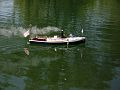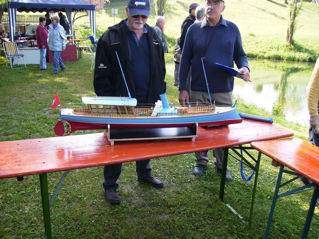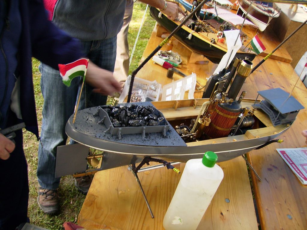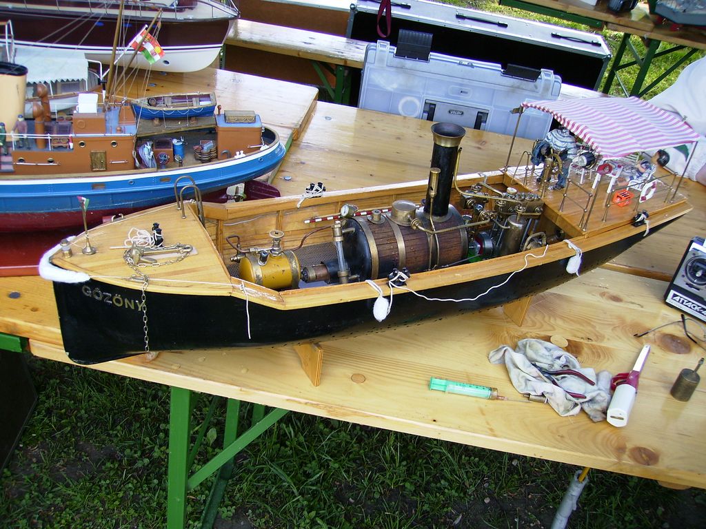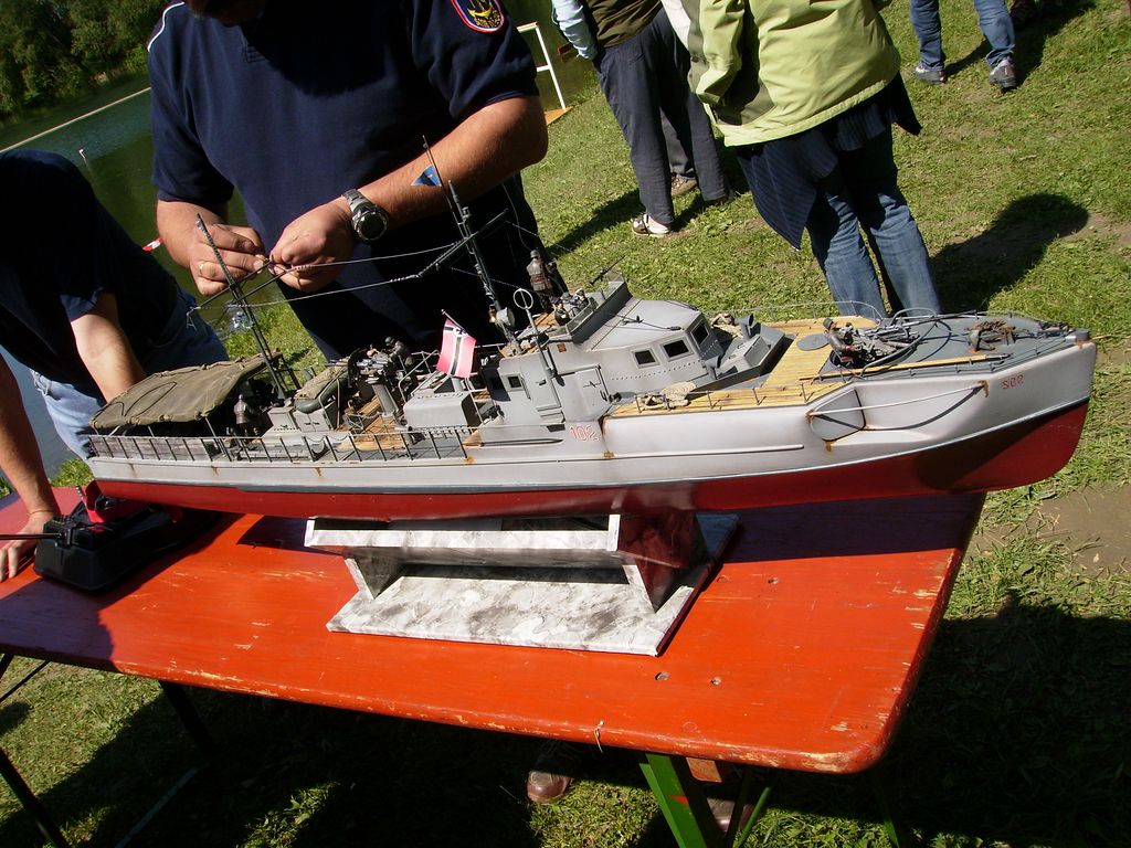 Houf lodí vyrazil zleva doprava. Každá má kolíčkem připnuté velké startovní číslo, aby tři soudci věděli, která uplavala kolik kol. Moje je druhá nejmenší. Trup vlečné lodi není to pravé ořechové, ale zase loď veze kotel asi 1,1 litru a to by mělo stačit i na tři čtvrtě hodiny. Samozřejmě jsem skoro nejpomalejší, ale loď krouží kolem dvou branek, jako by se nechumelilo půl hodiny, zatímco některé ostatní odpadávají. Kolem se po vnější straně pelotonu řítí Saddámova máma, nějaká rakouská torpédovka pana Michaela Fraumbauma s tříválcovým strojem, speciálem pro tento závod, který si Michael postavil podle vlastního návrhu. Na přírubách šoupátek má vyfrézováno velké F jako Fraumbaum. Je to hračička, a hlavně je to genius. Asi má v práci CNC mašiny, a tak udělal maximum.
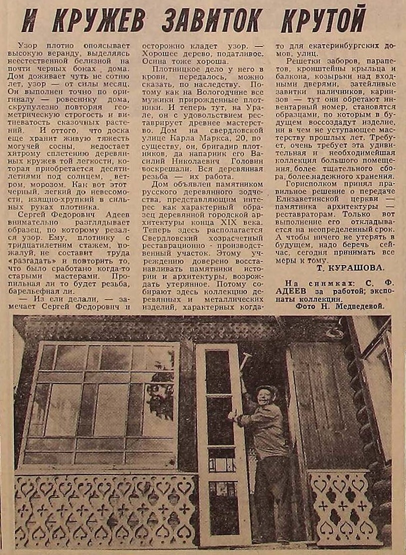 Плотник Сергей Федорович Адеев реставрировал памятник русского деревянного зодчества - характерный образец деревянной городской архитектуры конца XIX века. В начале 1980-х годов здесь располагался Свердловский хозрасчетный реставрационно-производственный участок. Этому учреждению было доверено восстанавливать памятники истории и архитектуры, возрождать утерянное.
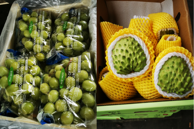 Izquierda: uvas peruanas. Derecha: chirimoyas de Yunnan.
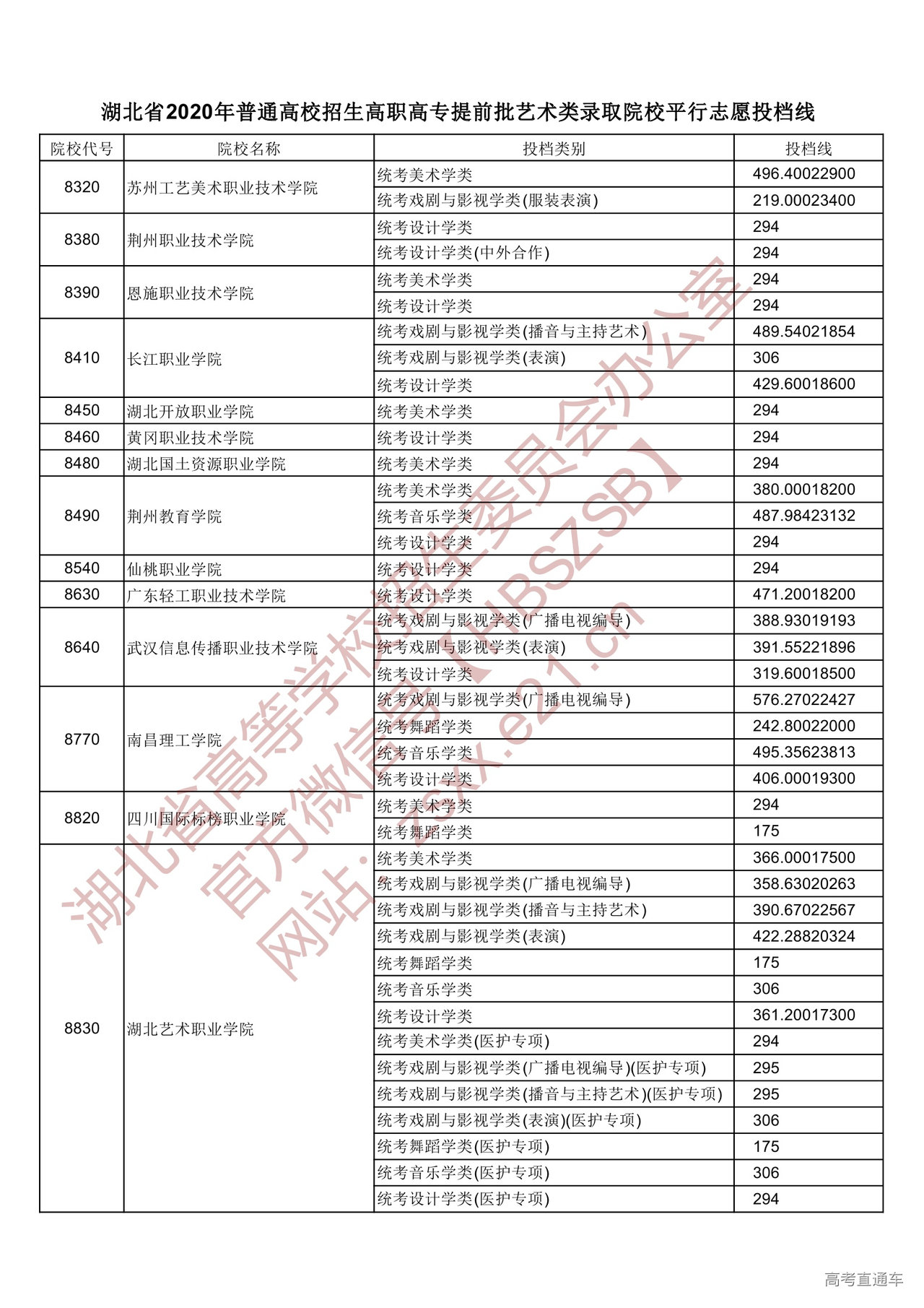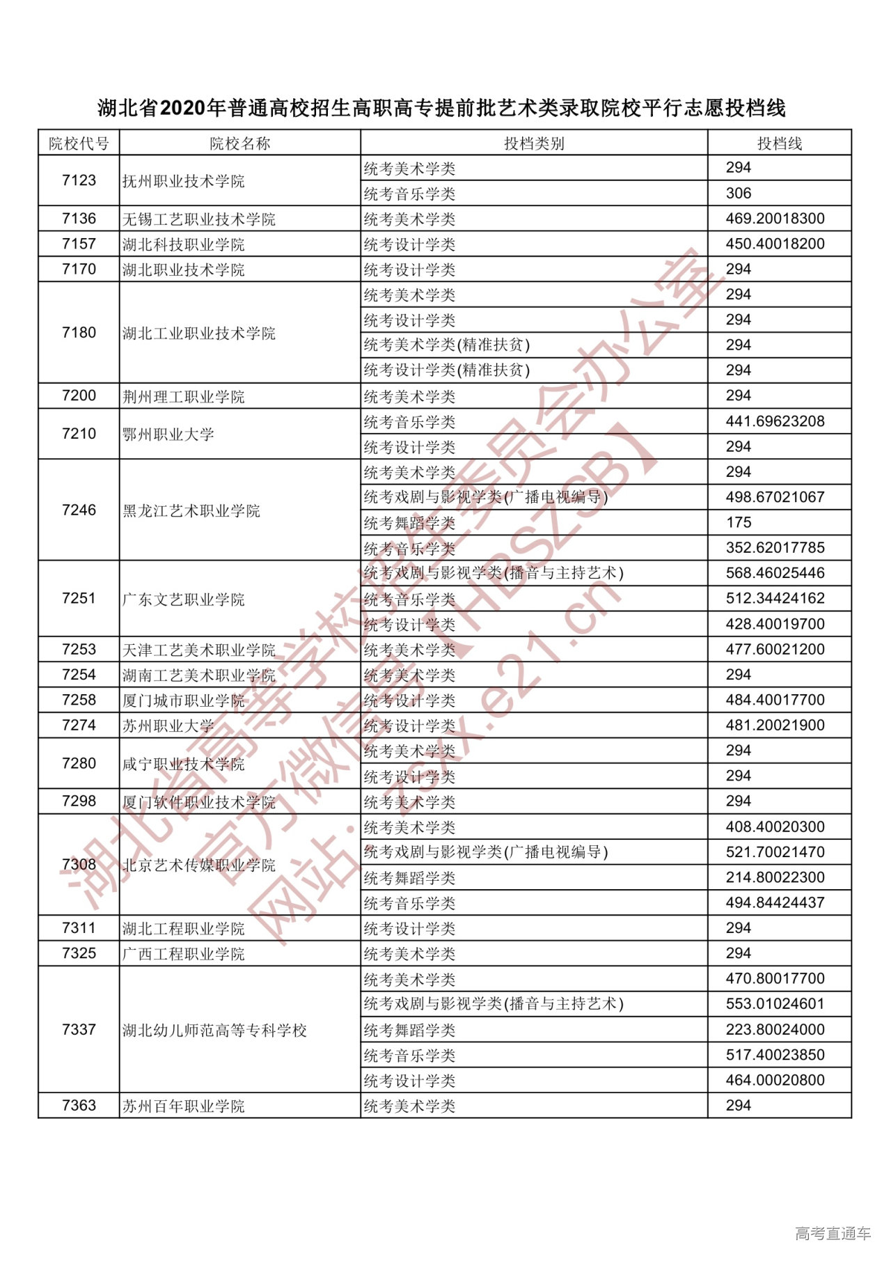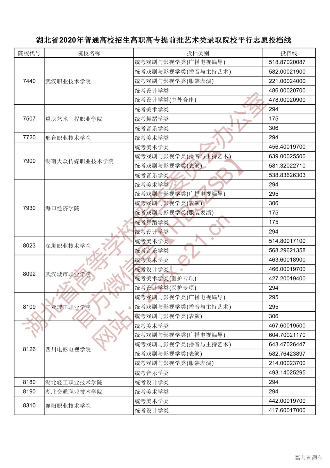 湖北省2020年普通高校招生高职高专提前批艺术类录取院校平行志愿投档线

**TASK ITEM**
The answer must be an exact copy of the lines from the one with "Плотник Сергей Федорович" through the final line above, both ends included, and nothing else; pictures stay out.

**EXERCISE ANSWER**
 Плотник Сергей Федорович Адеев реставрировал памятник русского деревянного зодчества - характерный образец деревянной городской архитектуры конца XIX века. В начале 1980-х годов здесь располагался Свердловский хозрасчетный реставрационно-производственный участок. Этому учреждению было доверено восстанавливать памятники истории и архитектуры, возрождать утерянное.
 Izquierda: uvas peruanas. Derecha: chirimoyas de Yunnan.
 湖北省2020年普通高校招生高职高专提前批艺术类录取院校平行志愿投档线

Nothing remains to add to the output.